Cerita di Balik Penciptaan Rekor Dunia Tari Kolosal dengan Peserta 1.550 Penari Kipas
SEMARANG, iNewsSemarang.id – Solo Menari 2026 menjadi saksi penciptaan rekor dunia tari kolosal Aku Kipas dengan peserta 1.550 penari kipas. Rekor tersebut tercatat dalam Lembaga Prestasi Indonesia Dunia (Leprid).
Penciptaan rekor baru tari kolosal di ajang Solo Menari dalam rangka memperingati Hari Tari Sedunia ini digelar di kawasan Pasar Gede, Jalan Arifin dan Jalan Jenderal Sudirman, Kota Solo pada Rabu (29/4/2026).
Leprid pun memberikan penghargaan kepada Heru Mataya sebagai pemrakarsa, Pemerintah Kota Surakarta dan Dinas Pariwisata Pemkot Surakarta selaku penyelenggara, serta Museum Gubug Wayang sebagai pendukung.
Ada sosok yang ikut berperan dalam kesuksesan penyelenggaraan Solo Menari 2026 hingga terciptanya rekor dunia tari kolosal. Mereka adalah Kombes Pol Tri Suhartanto, penasihat Museum Gubug Wayang dan Heru Mataya, Direktur Program Solo Menari 2026.
Tri Suhartanto mengaku sangat bangga bisa menjadi bagian dari dalam kegiatan penciptaan Rekor Dunia Tari Kolosal Aku Kipas dengan peserta 1.550 penari kipas.

“Saya merasa terhormat karena dapat menjadi salah satu penerima penghargaan dari Lembaga Prestasi Indonesia-Dunia (Leprid) dalam rangka rekor Solo Menari 2026,” ungkapnya di Semarang, Sabtu (2/5/2026).

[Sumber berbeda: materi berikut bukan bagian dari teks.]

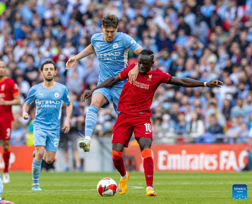 Liverpool's Sadio Mane (R) is tackled by Manchester City's John Stones during the FA Cup semifinal match between Manchester City and Liverpool in London, Britain, on April 16, 2022. Liverpool won 3-2 and advanced to the final. (Xinhua)
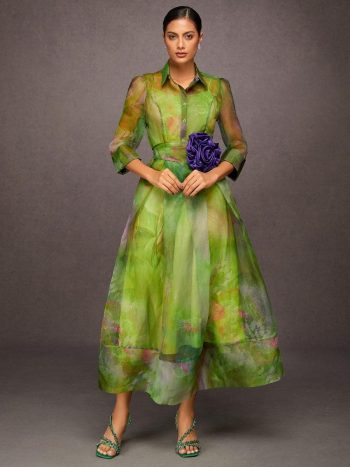 Women Elegant Abstract Print Maxi Dress With Floral Belt | Shirt Dresses
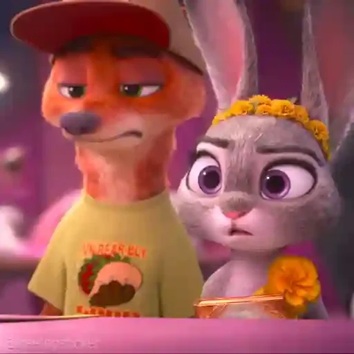 Um casal de personagens de desenho animado, um coelho e um raposa, com expressões faciais curiosas. O coelho usa uma coroa de flores amarelas e o raposa um boné vermelho e uma camiseta verde com um logotipo.
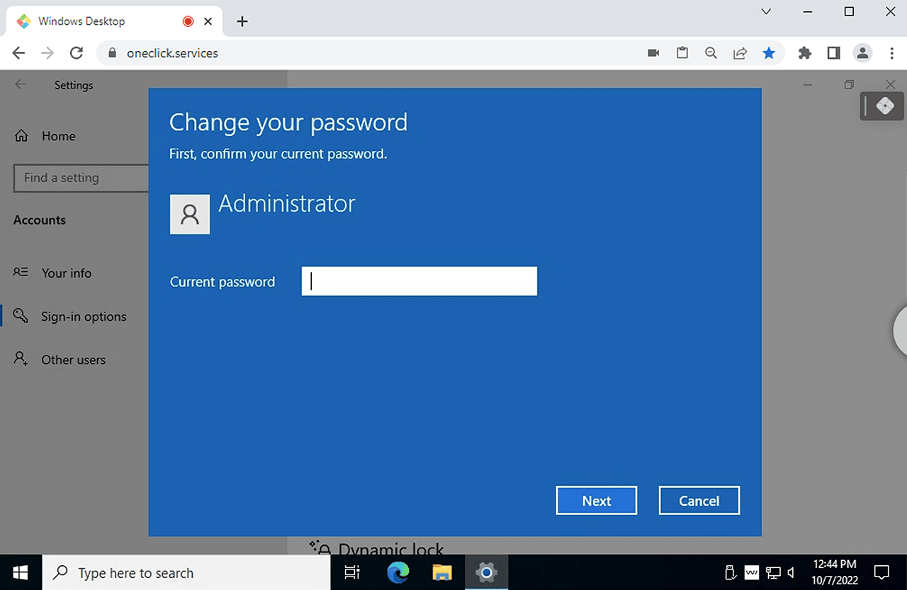 Wenn Sie Ihr aktuelles Windows-Passwort kennen und es ändern möchten, gehen Sie folgendermaßen vor. Es handelt sich nicht um das Passwort, mit dem Sie sich in oneclick™ einloggen. Bei Fragen hierzu, wenden Sie sich an Ihren Systemadministrator.
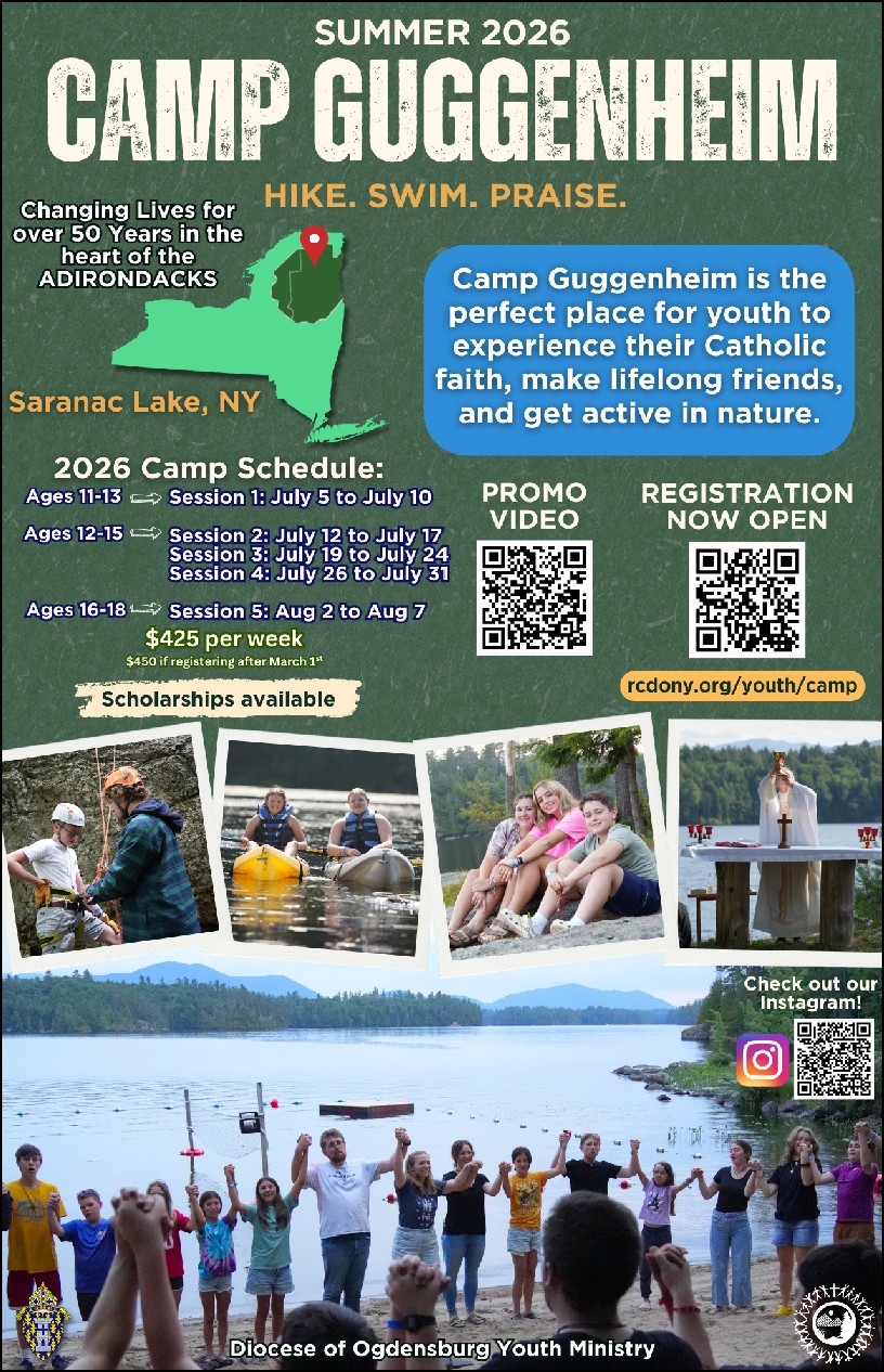 The Diocesan Catholic Men’s Retreat will be held on Friday, June 12 (arrival as early at 4 p.m.) until Sunday, June 14 (departure at 1p.m.) at Guggenheim Dorm, Saranac Lake. This year Father Leagon Carlin will speak about G. K. Chesterton. The retreat is open to men 18 years of age or older. Outdoor activities will include canoeing and hiking.
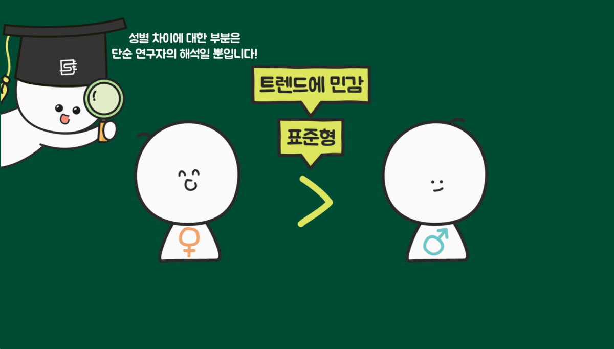 일부 선행 연구에 따르면 여성은 남성보다 표준형을 더 선호하고, 새로운 언어 표현과 사회적 트렌드를 빠르게 받아들이는 경향이 있다고 합니다. 이를 참고해서 해석해봤을 때 친근감을 나타낼 수 있는 ‘여기요’의 사용을 조금 더 빠르게 하기 시작했을 것으로 추정합니다.
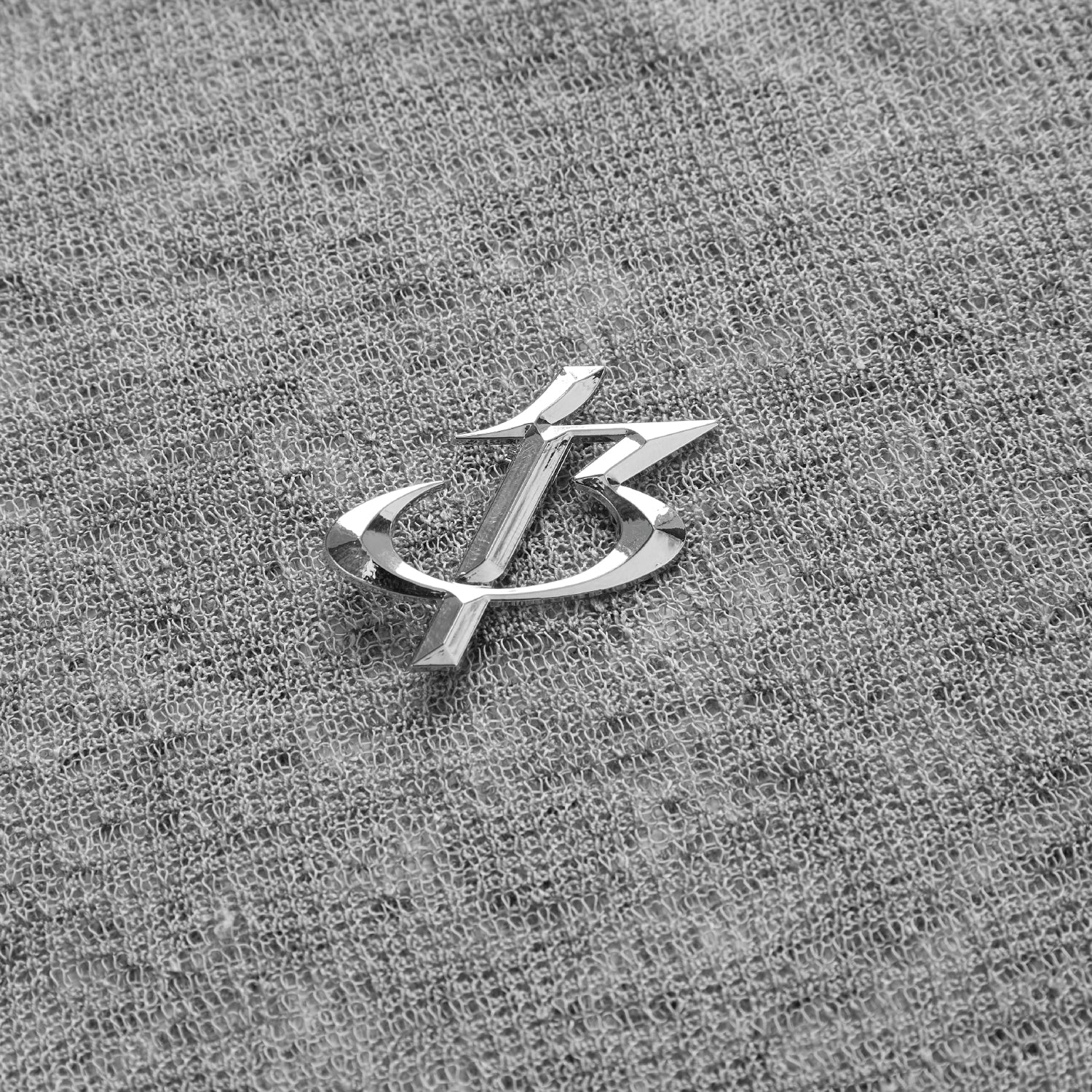 The design highlights an asymmetrical layered construction running diagonally from the neckline to the waist, combined with gathered details on both sides to create a naturally draped, subtly sensual silhouette. A logo pin fastened at the cross-layered panel adds visual depth and a distinctive, bold character.
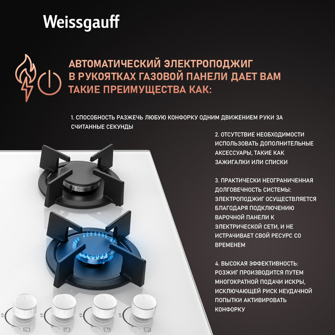 Варочная панель Weissgauff HG 640 WG экспресс-конфорка, 3 года гарантии, автоматический электроподжиг, Рукоятки Hi-Tech интересное:
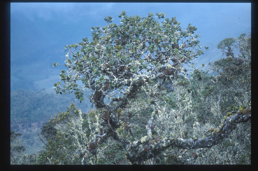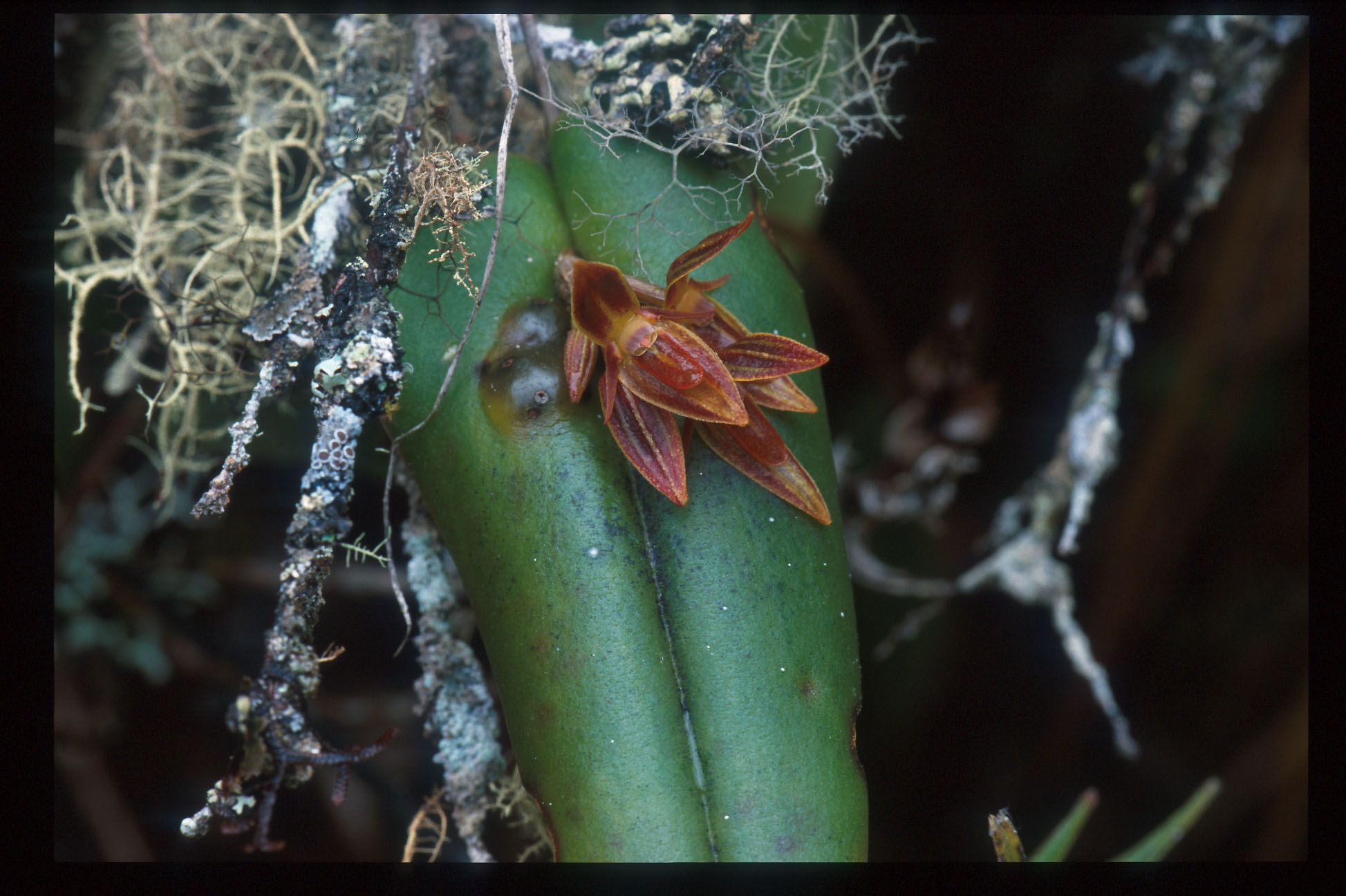 4.Pleurothallis sp. いかにもプレウロタリスといった種。晴れれば紫外線が強い直射日光を受けるので、葉は硬い革質。しかし少なくとも夕方から朝までは霧に包まれるので空中湿度は高く、地衣類と混生する。拡大 |
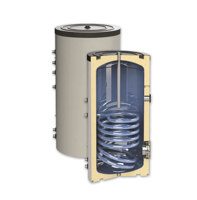 Der Speicher ist mit einem Wärmetauscher ausgestattet und ermöglicht die Nutzung erneuerbarer Energien wie Solarsysteme oder Heizkessel. Bei Bedarf kann eine elektrische Heizquelle als Sonderausrüstung hinzugefügt werden. Des Weiteren sind am Speicher Außengewinde-Anschlüsse für Kaltwasser, Heißwasser, den Wärmetauscher und die Rückführung vorhanden. Die Anschlüsse sind in einem 180-Grad-Winkel angeordnet, um eine praktische und gut zugängliche Installation zu gewährleisten.
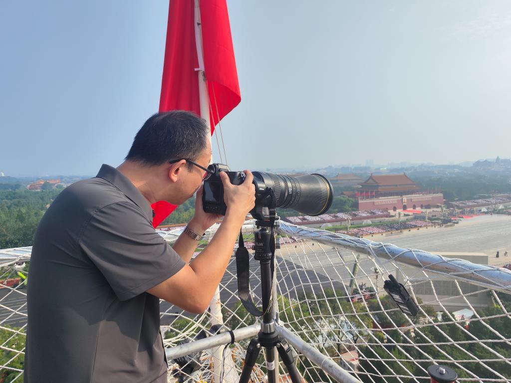新华社记者饶爱民在金水桥西桥窝高台拍摄。
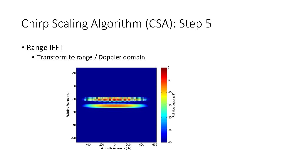 Chirp Scaling Algorithm (CSA): Step 5 • Range IFFT • Transform to range / Doppler domain
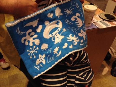 扇子にくまおに、ハラマキ! 海苔の試食をしていたこちらの男性が、 「ほぼ日の扇子」の扇子の 「にゃんす」を! この扇子はほぼ日ストアでは完売しているので、いわば幻の扇子。 とてもお似合いですー。 リュックには「くまお」も! うわー! タグも大切に、つけたままに!! うれしいなぁ。 リュックの中からは、荒井良二さんのハラマキが出てきました。 いつも持ち歩いてくださっているんだそうです。 夏場は、冷房でけっこう冷えるんですよねー。 いろいろ見せていただき、ありがとうございました! 2014/07/19 13:42 |
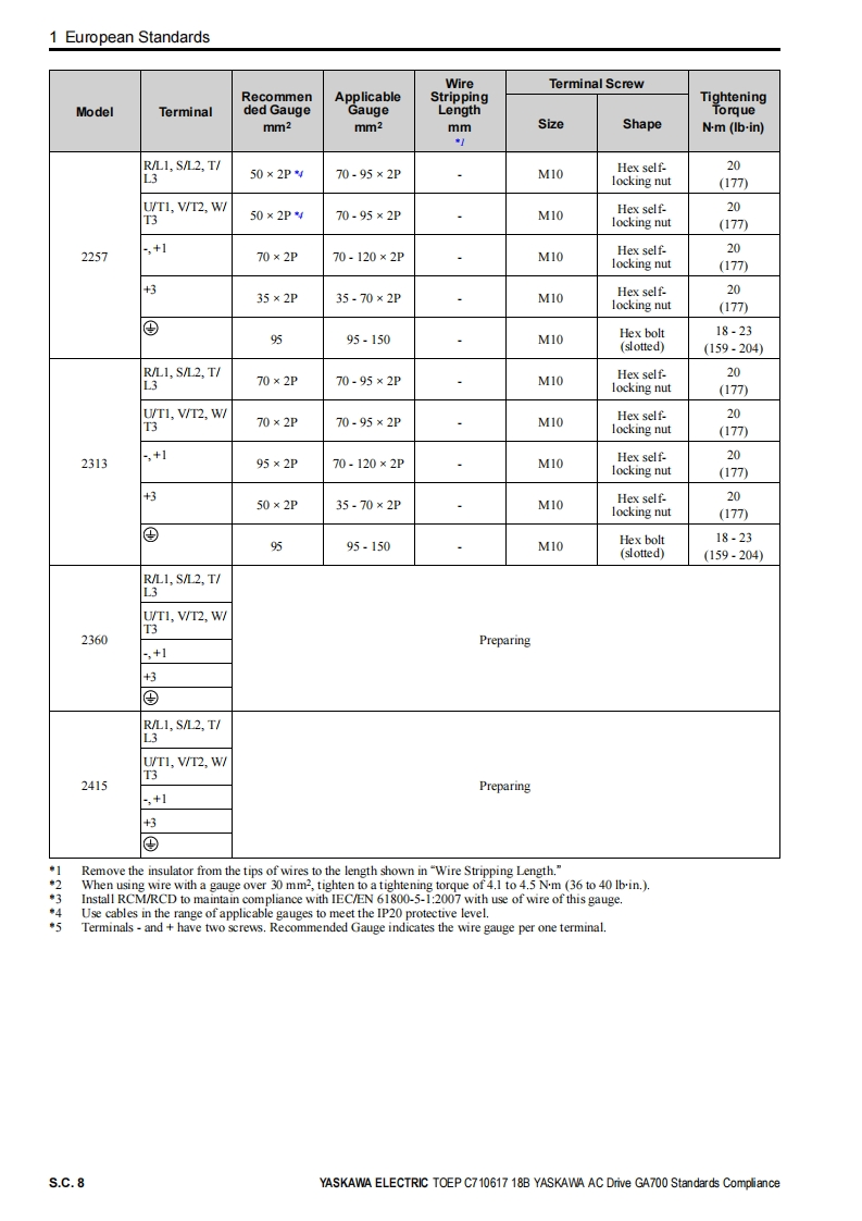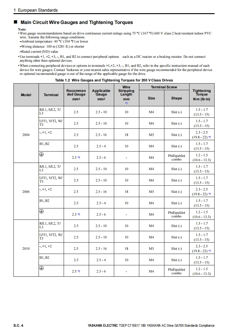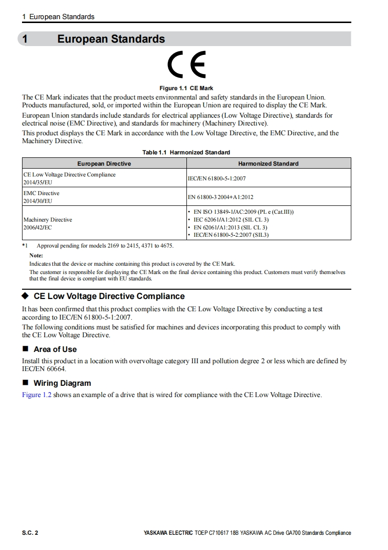 YASKAWAYASKAWA AC Drive GA700High Performance General Applications DriveStandards ComplianceType:CIPR-GA70CxxxxxxxxModels:200 V class:0.55 to 110 kW400 V class:0.55 to 355 kWTo properly use the product,read this manual thoroughly and retain for easyreference,inspection,and maintenance.Ensure the end user receives thismanual.MANUAL NO.TOEP C710617 18BStandards ComplianceS.C.
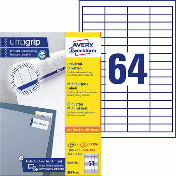 TRWAŁE ETYKIETY UNIWERSALNE DO WSZECHSTRONNYCH ZASTOSOWAŃ (papierowe; białe)- Posiadają unikalną i nowoczesną technologię UltraGrip: trójwymiarowa powierzchnia z tyłu arkusza gwarantuje równomierne pobieranie i prowadzenie arkusza w drukarce.- W opakowaniu znajduje się 20 dodatkowych arkuszy EXTRA!- Etykiety samoprzylepne do wszechstronnych zastosowań. Idealne do adresowania kopert i przesyłek pocztowych, oznaczania dokumentów, produktów i wielu innych zadań.- Przeznaczone do wszystkich typów drukarek atramentowych, laserowych oraz kserokopiarek.- Gwarancja braku zacięć w drukarkach laserowych przetestowana i zatwierdzona przez TÜV.- Ostry obraz bez rozmazywania tuszu i tonera.- Wybrane rozmiary posiadają unikalny system QuickPEEL ułatwiający odrywanie i szybsze przyklejanie etykiet.- Ekologiczne etykiety z certyfikatem FSC podlegające pełnej utylizacji jako odpad papierowy.- Mocny klej, dzięki czemu etykiety doskonale przylegają również do kartonów.- Darmowe i łatwe w użyciu szablony oraz oprogramowanie dostępne na stronie www.avery-zweckform.pl.Szablony i wzory do etykiet znajdziesz na stronie avery-zweckform.pl

Dia menyebutkan Museum Gubug Wayang sudah menerima 89 penghargaan Leprid, dan pada hari ini mendapatkan penghargaan Leprid yang ke 90.
“Kami mengucapkan terima kasih kepada Leprid atas penghargaan yang diberikan, serta kepada Pemerintah Kota Surakarta atas dukungan dan komitmennya dalam memajukan kebudayaan. Kami meyakini bahwa budaya memiliki kekuatan yang luar biasa,” ujarnya.
Menurutnya, budaya mampu menyatukan perbedaan, membangun rasa memiliki, dan menciptakan harmoni sosial. Dalam konteks yang lebih luas, inilah fondasi penting dalam menjaga keamanan dan ketertiban masyarakat.
Penciptaan rekor ini, kata dia, bukan sekadar pencapaian angka, melainkan sebuah karya kolaboratif yang menunjukkan bahwa budaya memiliki kekuatan untuk menyatukan.
“Di balik ribuan penari yang bergerak serempak, terdapat nilai kebersamaan, disiplin, serta semangat gotong royong yang menjadi jati diri bangsa Indonesia,” tegas Kombes Tri Suhartanto.
Dia menilai, Surakarta (Solo) tidak hanya menjadi pusat pelestarian budaya, tetapi juga mampu menghadirkan inovasi yang menjadikan budaya tetap hidup, relevan, dan membanggakan di tingkat nasional bahkan dunia.